A disadvantage of the system shown in Figure 2 is that produced fluid such as oil can enter into the narrowbore conduit means 27 through the pressure communication means 30 during a well shut-in test where the valves in the well head 23 are closed and the pressure in the production tubing 22 rises accordingly. This is particularly the case for an underpressure well where the pressure in the reservoir 21 is insufficient to support a column of liquid in the narrowbore conduit means 27.
The solution, Figure 3, is to limit the flow of fluid into the narrowbore conduit means 27 using a flow preventor means 35 where the flow preventor means 35 is of such a design that the second pressure gauge 2 is able to measure the pressure in the measurement location 25 via the pressure communication means 30.
Figure 4 shows an implementation of the flow preventor means 35 comprising a first valve means 41, a second valve means 42 and a second conduit means 43. In this example, the narrowbore conduit means 27 is configured in a U comprising first narrowbore conduit means 44 and second narrowbore conduit means 45 joined together. The narrowbore conduit means 27 interfaces to the measurement location 29 (not shown) via the pressure communication means 30 which may be a valve. The second conduit means 43 interconnects between the first valve means 41 and the second valve means 42 and the second narrowbore conduit means 45 at an interconnection means 46.The second valve means 42 closes when the pressure drop measured from the interconnection means 46 to the second valve means 42 is greater along the second conduit means 43 than in the second narrowbore conduit means 45 by an amount which depends upon the valve design.

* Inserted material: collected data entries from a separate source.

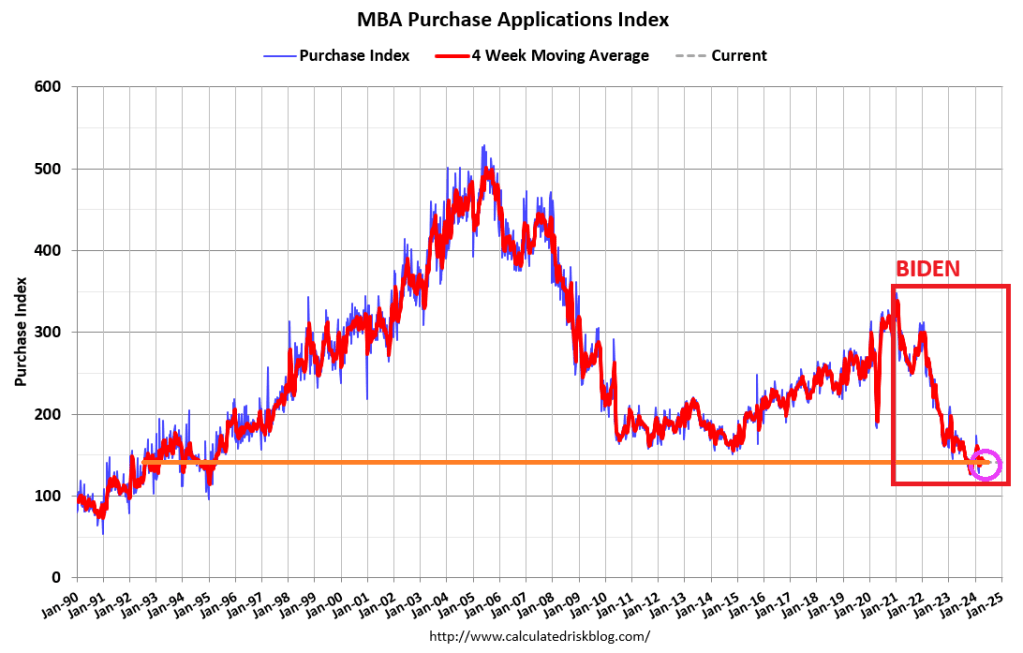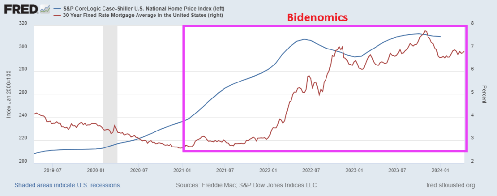One reason that America’s youth is disgusted with Bidenomics is skyrocketing prices, particulalry housing. (simply unaffordable). Thanks to awful economic policies, home prices are up 32.5% under Biden and 30-year mortgage rates are up a whopping 160%! Good luck buying a home with a part-time job.
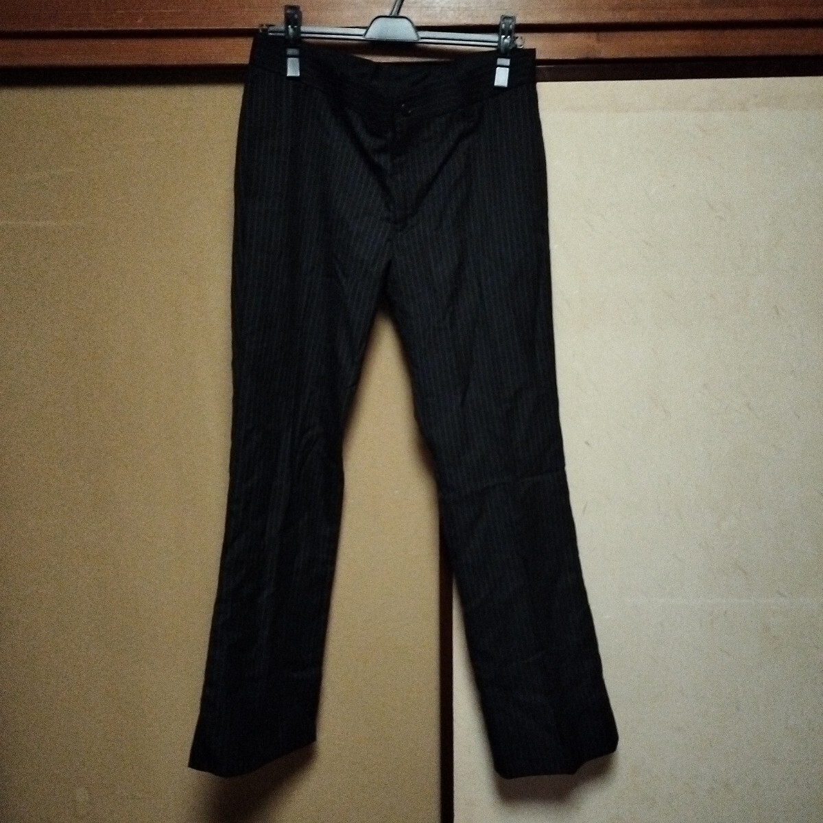 - 日本製T.S.U FAR EASTピンストライプスラックス82cm 黒 ブラック
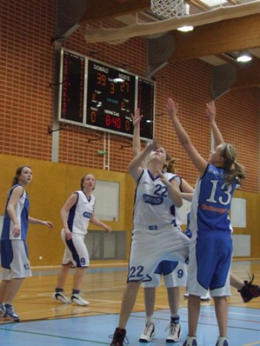 V prvním utkání narazila naše děvčata na družstvo domácích a ve velice dramatickém a vyrovnaném utkání nakonec zvítězila po prodloužení 80:77, když v normální hrací době utkání skončilo nerozhodně 72:72.
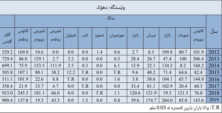 بەگوێرەی داتاکان، بەشێوەیەکی گشتی، لە ساڵی 2019، لە پارێزگاکانی هەرێمی کوردستان زۆرترین باران باریووە.
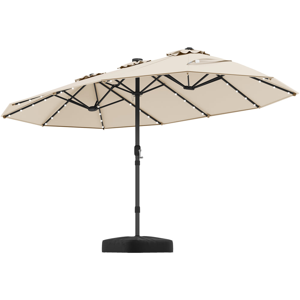 This 445 x 260 cm double-sided patio umbrella provides an extra large shading coverage, ideal for a variety of settings, from a lively backyard barbecue to tranquil poolside lounging. Not only offering unparalleled shade, it could also create a charming ambiance for your evenings with the built-in LED lights, which are powered by a solar panel, providing bright and inviting illumination for 6-8 hours. Furthermore, our umbrella includes a weighted base with 2 sandbags that could hold up to 80 kg sand, complement with 5+2+5 sturdy metal umbrella ribs and a safety latch, ensuring a secure and stable setup in slightly windy conditions, while the air vent on the top that further enhances overall stability and promotes ventilation. The premium polyester canopy with PA coating provides superior durability and protection against outdoor elements. Assembly and disassembly is also a breeze with the hassle-free crank handle. Whether day or night, our solar-light patio umbrella is designed to create the perfect outdoor sanctuary where you can relax, entertain, and enjoy the outdoor moments of life. Extra-Large Coverage: This double-sided patio umbrella measures 445 x 260 x 250 cm (L x W x H), offering a spacious shade area for your outdoor gatherings. It is ideal for patio dining settings, poolside relaxation, backyard events, and more. Solar Powered LED Lights: The umbrella ribs are equipped with 48 cool-white light beads, which are designed to brighten and enhance the romantic feel of your yard. The lights are powered by a solar panel, which could last for 6-8 hours after a full charge, saving energy. Note: It includes a handy switch, and we recommend turning off the power during the day to for better charging. Weight Umbrella Base Included: This large market table umbrella comes complete with a weighted base, including 2 sandbags that could withstand a weight of 80 kg, ensuring excellent stability. Moreover, it is constructed with 5+2+5 sturdy umbrella ribs and secured with safety latch for enhanced security. Note: The package includes a 38 mm adapter to fit other umbrella bases. Sandbag included, sand not included. Premium Double-Tiered Canopy: The canopy is crafted of premium 180GSM polyester fabric with PA coating, which is sun-protective, water-repellent, and fade-resistant, designed to handle the elements. Moreover, it features an air vent for optimal airflow and enhanced stability. Note: In severe weather, please close your umbrella to prolong its life. Easy Setup and Takedown: This patio umbrella comes in 2 sections and a base that can be effortlessly connected, and there is a hassle-free crank handle, making it easy to open and close the umbrella. Additionally, when not in use, the umbrella can be secured by the fixing strap, ensuring secure closure.
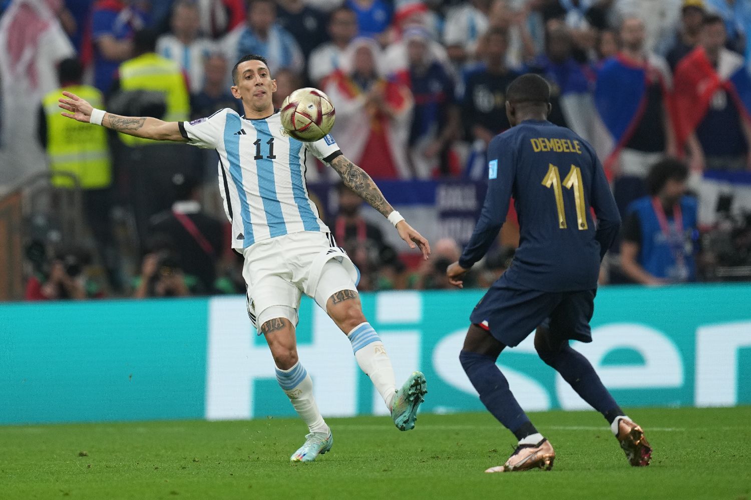 阿根廷队球员迪马利亚(左)和法国队球员登贝莱在比赛中。(中新社)
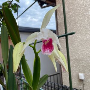 🍀カトレア マキシマ🍀 苗を買ってから4年経ち、やっと咲きました😆‼︎ まだ開ききってないけど投稿しちゃいます😅 昨年夏、ふたつのバルブにシースが出て ひとつがいま❣️ もうひとつはダメでした 更に秋にふたつのバルブが完成しシースが出てます❗️ Cattleya maxima
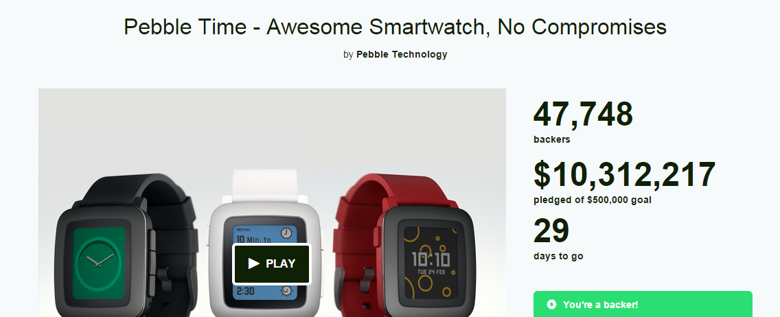 Pebble Time has officially surpassed the original Pebble Kickstarter at $10.3M … In just 48 hours. pic.twitter.com/JqrpVdxGBC
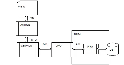 项目中我们并没有严格遵循这种传递关系,但这种和业务层次的关联对我们理解各实体类的作用是有帮助的。(我们没有接触到PO的原因,我理解为ORM对PO进行了封装)
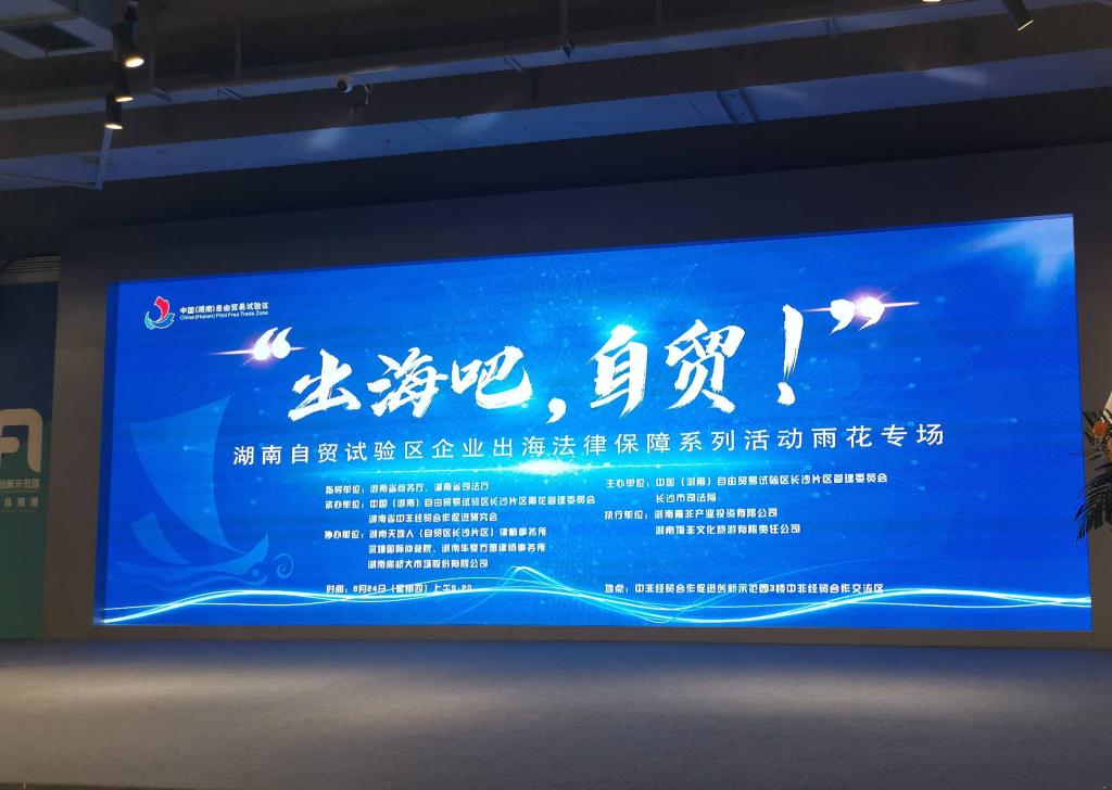 8月24日,“出海吧!自贸”—湖南自贸试验区企业出海法律保障系列活动雨花专场在自贸区长沙片区中非经贸博览会常设展馆举办,我院副教授、中非经贸法律研究院研究员刘功奇应邀参加活动,并做主题演讲。湖南省司法厅、自贸区长沙片区管委会、雨花区政府等有关单位负责人以及省内对非重点企业60余人参加会议。

Similarly, the first valve means 41 closes when the pressure in the second conduit means 43 is greater that the pressure within the channel within the first valve means 41.
The fibre optic pressure gauge 24 and its associated cable 25 can be pumped through the first narrowbore conduit means 44 with fluid (liquid or gas) without closing the first valve means 41 or the second valve means 42. In order to close the first valve means 41 and the second valve means 42, fluid (liquid or gas) can be pumped down the second narrowbore conduit means 45 in the direction of the pressure communication means 30. When the pressure within the second valve means 42 is less than the pressure in the second conduit means 43, the valve means 42 will close, thus sealing the second conduit means.Note, that depending on the particular installation, it may be necessary to flow fluid down both first narrowbore conduit means 44 and the second narrowbore conduit means 45 simultaneously to prevent the fibre optic pressure gauge 24 from being pumped up the first narrowbore conduit means 44. The first valve means 41 and the second valve means 42 isolate the lower part of the narrowbore conduit means 27 from the surface. The installation can be designed such that if the first valve means 41 and the second valve means 42 are closed by pumping liquid, then the relatively small liquid volume beneath the first valve means 41 and the second valve means 42 prevents any significant fluid flowing into the narrowbore conduit means 27 through the pressure communication means 30.Note that it may be preferable to have the narrowbore conduit means 27 filled with gas at times other than during well testing in order to reduce hermeticity requirements for fibre optic cables.
The first valve means 41 may be a valve which seals completely around the associated cable 25 when the pressure in the second conduit means 43 reaches a pre-set level in comparison to the pressure in the bore of the first valve means 41.
The design must be such that the associated cable 25 is not damaged. This can be achieved using a smaller version of an annular valve known in the oil industry for sealing around wires or pipes. The annular valve may be constructed from a polymer, or for high-pressure applications, incorporate metal leaves to prevent the polymer from shearing.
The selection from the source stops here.